* **PROBLEM STATEMENT**: Keep the text of the data exactly as it is and omit each picture from the copy.

* **INFORMATION SUPPLIED**:
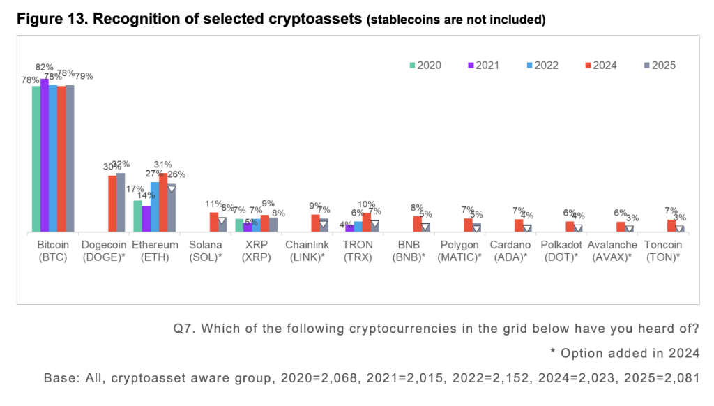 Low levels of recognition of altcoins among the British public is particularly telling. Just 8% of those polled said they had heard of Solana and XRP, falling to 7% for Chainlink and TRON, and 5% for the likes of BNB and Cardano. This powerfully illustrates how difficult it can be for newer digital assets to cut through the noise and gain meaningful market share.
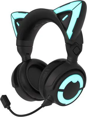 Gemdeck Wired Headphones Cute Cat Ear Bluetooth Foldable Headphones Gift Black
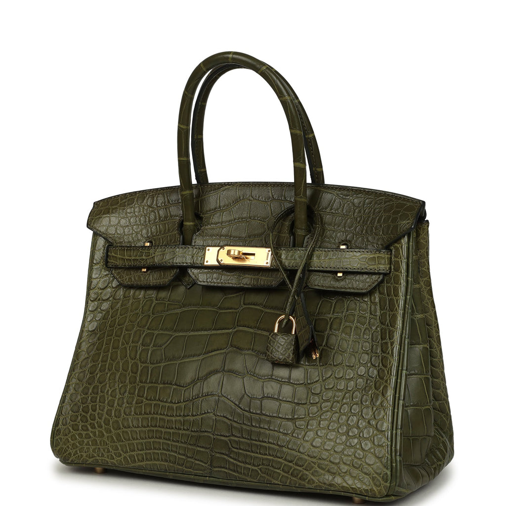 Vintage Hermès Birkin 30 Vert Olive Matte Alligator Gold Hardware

* **WRITTEN SOLUTION**:
 Low levels of recognition of altcoins among the British public is particularly telling. Just 8% of those polled said they had heard of Solana and XRP, falling to 7% for Chainlink and TRON, and 5% for the likes of BNB and Cardano. This powerfully illustrates how difficult it can be for newer digital assets to cut through the noise and gain meaningful market share.
 Gemdeck Wired Headphones Cute Cat Ear Bluetooth Foldable Headphones Gift Black
 Vintage Hermès Birkin 30 Vert Olive Matte Alligator Gold Hardware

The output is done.